5. ESG and Transformation: Progress and Commitments

– DFI Retail Group is executing a multi-year transformation plan, aiming to enhance customer and employee experience, optimize its supply chain, reduce food waste, and address climate change. – The company has committed to halving carbon emissions by 2030 (from a 2021 baseline) and achieving net-zero greenhouse gas emissions (Scopes 1 and 2) by 2050. Scope 3 reduction plans are in development. – Annual investments of US\$15–20 million are allocated for emissions reduction initiatives between 2025 and 2027. – ESG disclosures have improved since 2022/2023, with measured progress in environmental and community areas.
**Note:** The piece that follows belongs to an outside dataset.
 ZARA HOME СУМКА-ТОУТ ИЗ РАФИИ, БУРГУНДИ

6. Outlook and Investment Summary

– DFI Retail Group’s strategy of portfolio optimization, cost control, and focus on high-margin segments positions it well for continued earnings growth. – The special dividend, while signaling limited immediate reinvestment, offers an attractive near-term yield. – Key catalysts include the upcoming Investor Day (expected 4Q25) for clarity on strategic direction and potential monetization plans. – Risks include slow sales recovery in Hong Kong and cost pressures.
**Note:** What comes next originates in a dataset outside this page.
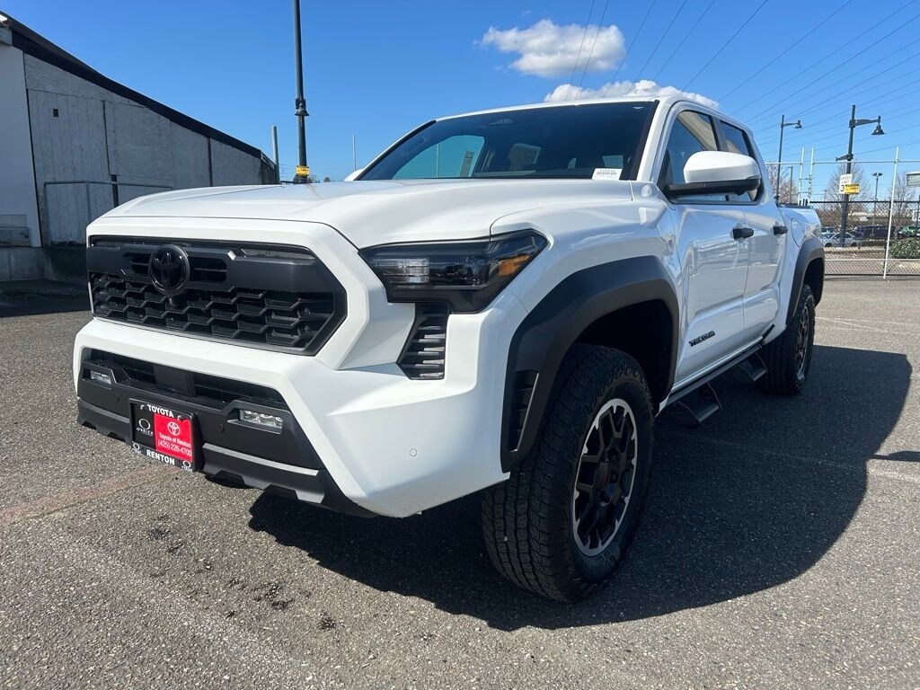 18" Wheels, 3.583 Axle Ratio, 3D Multi-Terrain Monitor, 4-Wheel Disc Brakes, 6 Speakers, ABS brakes, Air Conditioning, All Weather Floor Liners, Alloy wheels, AM/FM radio: SiriusXM, Anti-whiplash front head restraints, Apple CarPlay/Android Auto, Auto High-beam Headlights, Auto-dimming Rear-View mirror, Automatic temperature control, Bed Scene Lighting, Black Tailgate Insert, Brake assist, Bumpers: body-color, Deck Storage Box, Digital Rearview Mirror, Driver door bin, Driver vanity mirror, Dual front impact airbags, Dual front side impact airbags, Electronic Stability Control, Emergency communication system: Safety Connect (up to 10-year trial subscription), Exterior Parking Camera Rear, Fabric Seat Trim, Four wheel independent suspension, Front anti-roll bar, Front Bucket Seats, Front Center Armrest, Front fog lights, Front reading lights, Fully automatic headlights, Heated door mirrors, Heated Front Seats, Heated Leather-Trimmed Steering Wheel, Illuminated entry, JBL Premium Audio, Knee airbag, Leather Shift Knob, Leather steering wheel, Low Auxiliary (30A) Switches, Low tire pressure warning, Occupant sensing airbag, Outside temperature display, Overhead airbag, Overhead console, Panic alarm, Passenger door bin, Passenger vanity mirror, Power door mirrors, Power steering, Power windows, Radio: 8" Toyota Audio Multimedia, Rear step bumper, Rear window defroster, Remote keyless entry, Removable Predator Step, Security system, SofTex Seat Trim, Speed control, Speed-sensing steering, Split folding rear seat, Spray-on Bed Liner, Steering wheel mounted audio controls, Tachometer, Telescoping steering wheel, Tilt steering wheel, Tow Tech Package, Traction control, TRD Off Road Premium Package, Trip computer, Turn signal indicator mirrors, Variably intermittent wipers.2026 Toyota Tacoma TRD Off-Road Ice 4WD 8-Speed Automatic 2.4L 4-CylinderRecent Arrival!

7. Price Performance and Shareholder Profile

  • 1M / 3M / 12M Price Performance (%): 32.2 / 40.8 / 91.7 (absolute), 25.0 / 28.4 / 58.0 (relative)
  • Major Shareholders:
    • Jardine Matheson Holdings: 77.6%
    • Aberdeen Asset Managers: 3.4%
    • First Sentier Investors (Hong Kong): 1.8%

Conclusion

DFI Retail Group’s decisive actions in portfolio management, its strong showing in Health & Beauty, and the payout of a substantial special dividend underscore the group’s commitment to shareholder value. While certain segments face headwinds, continued transformation, robust cash generation, and a focus on core profitability keep DFI Retail Group firmly on the radar of institutional and retail investors alike. The next major catalyst—the Investor Day in 4Q25—will be critical for unveiling the group’s medium-term strategy and growth ambitions.